- Battle of Laodicea (1147): Part of the Second Crusade
| Date | 16 November 1147 |
| Location | Laodicea on the Lycus, Turkey |
| Result | Seljuk victory |

Belligerents
- Holy Roman Empire: Sultanate of Rum

Commanders and leaders
- Otto of Freising Bernard of Carinthia †: Unknown

Strength
- Unknown: Unknown

Casualties and losses
- Heavy: Unknown

= Battle of Laodicea (1147) =

The Battle of Laodicea was a military engagement during the Second Crusade. The German contingent led by Otto of Freising was ambushed and destroyed near Laodicea by the Seljuk Turks.

==Background==
German King Conrad III crossed Anatolia with his army. The German army was divided into two, one led by Conrad, which had the knights and infantry, and the second force led by brother of the king Bishop Otto of Freising, which consisted of infantry and camp followers. The second contingent was to take the coastal road. On 25 October 1147 Conrad's division was ambushed by the Seljuks at Dorylauem. The German force was destroyed and the king was wounded, forcing him to retreat back to Byzantine lands.

==Battle==
Otto's division took the coastal route through the Aegean Sea. They turned to Alaşehir where they arrived at Meander River. The Germans did not have proper boats to cross the river, so they were forced to pass by themselves, which weakened and exhausted their forces. They headed towards Laodicea up to Gediz River hoping to rest and gather supplies there. However the Germans were ambushed by the Seljuks, inflicting heavy losses on them. Count Bernard of Carinthia was killed alongside the majority of his men.

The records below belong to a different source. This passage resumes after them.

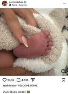 जस्टिन बीबर और हैली ने वर्ष 2018 में शादी रचाई। अब दोनों के जीवन का नया अध्याय शुरू हुआ है। बेटे के रूप में कपल के घर खुशियों ने दस्तक दी है। जस्टिन ने इंस्टाग्राम पोस्ट के जरिए फैंस के साथ यह खुशखबरी साझा की है। साथ ही बच्चे का नाम भी बताया है। जस्टिन ने बच्चे की जो तस्वीर साझा की है, उसमें बच्चे के पैर दिखाई दे रहे हैं। इसके साथ लिखा है, ‘हमारे घर में तुम्हारा स्वागत है, बेबी’। जस्टिन ने बच्चे का नाम जैक ब्लूज बीबर (ACK BLUES BIEBER) रखा है।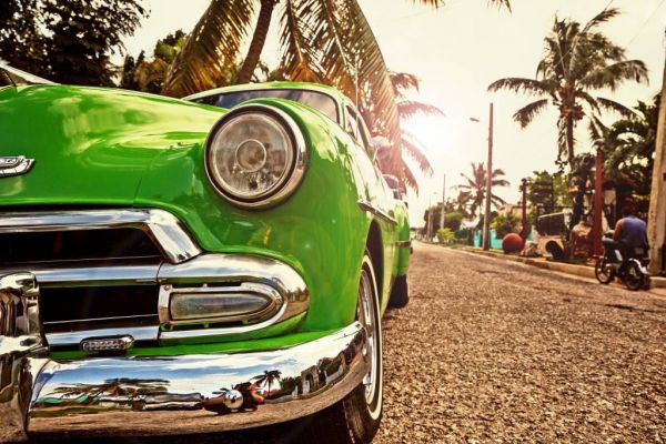 Carta da parati con una classica auto verde su uno sfondo con una strada soleggiata e palme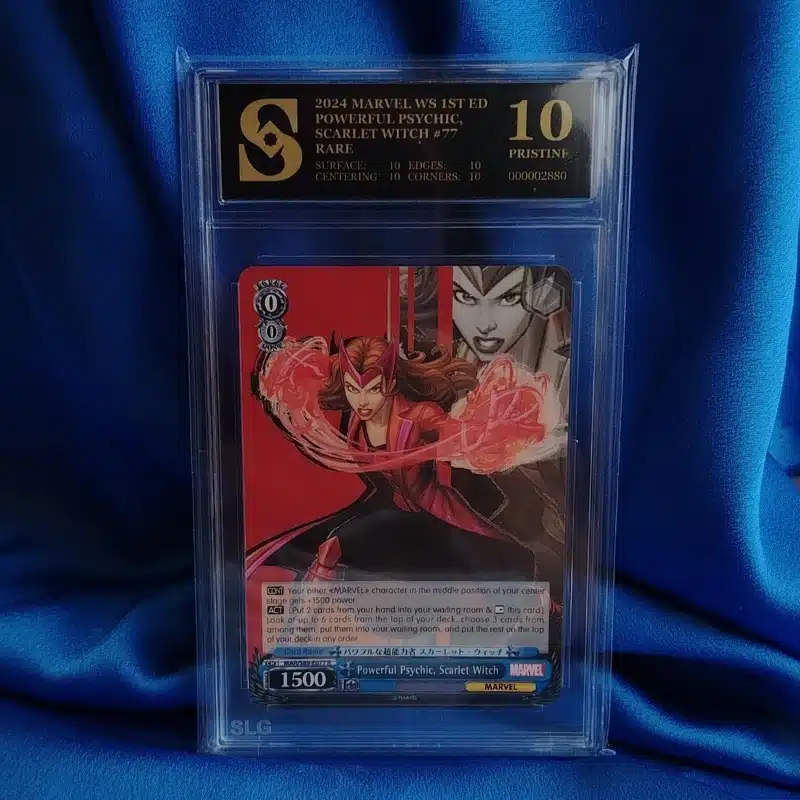Ova Marvel Scarlet Witch kolekcionarska karta #77 prikazuje Scarlet Witch (Wanda Maximoff), jednu od najmoćnijih i najpoznatijih junakinja Marvela. Karta je profesionalno ocijenjena (graded) od strane renomirane grading kuće i dolazi u originalnom zaštitnom kućištu, što jamči autentičnost i dugoročnu očuvanost.
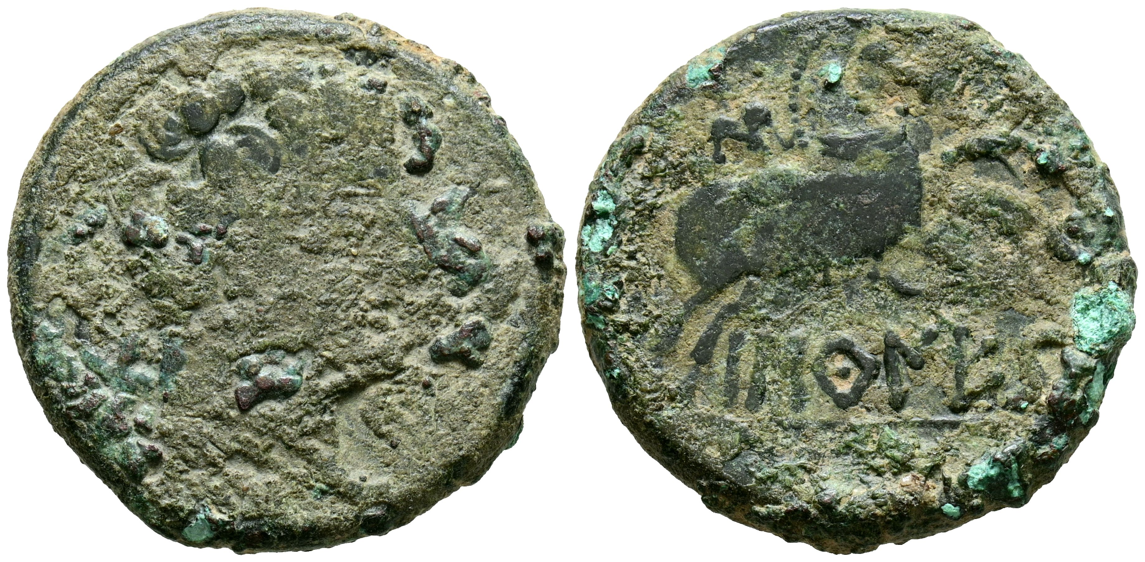 BASCUNES (Pamplona). As. (Ae. 10,55g/25mm). 120-20 a.C. (FAB-217). Anv: Cabeza barbada a derecha, entre dos delfines. Rev: Jinete con espada a derecha, debajo leyenda ibérica: BaSCUNES. BC+. Limpiado. Oxidaciones.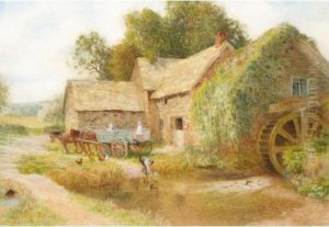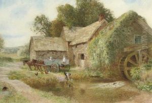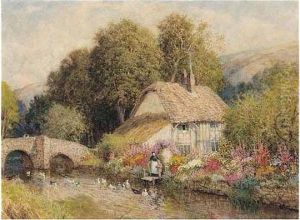 Maid Feeding Doves Before A Thatched Cottage; And Another, An Old Watermill, With Ducks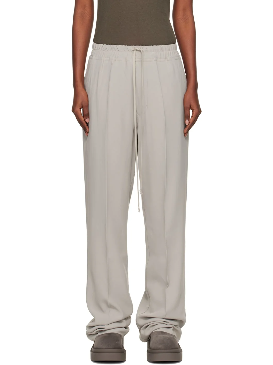 Viscose-blend cady crepe trousers. · FSC-certified viscose · Straight-leg · Drawstring at elasticized waistband · Four-pocket styling · Creased legs Supplier color: Pearl 53% viscose, 47% acetate. Made in Italy 252232F087004

Otto was forced to retreat to the coast, marching towards Antalya. The Germans faced exhaustion, starvation, and thirst, forcing them to kill their horses and cattle. Seeing this, the Seljuks attacked them again. Showing no sign of resistance, only a handful of men survived and reached Antalya. Otto reached Antalya and traveled to Jerusalem by sea, while others slowly made their way to the Levant using coastal roads.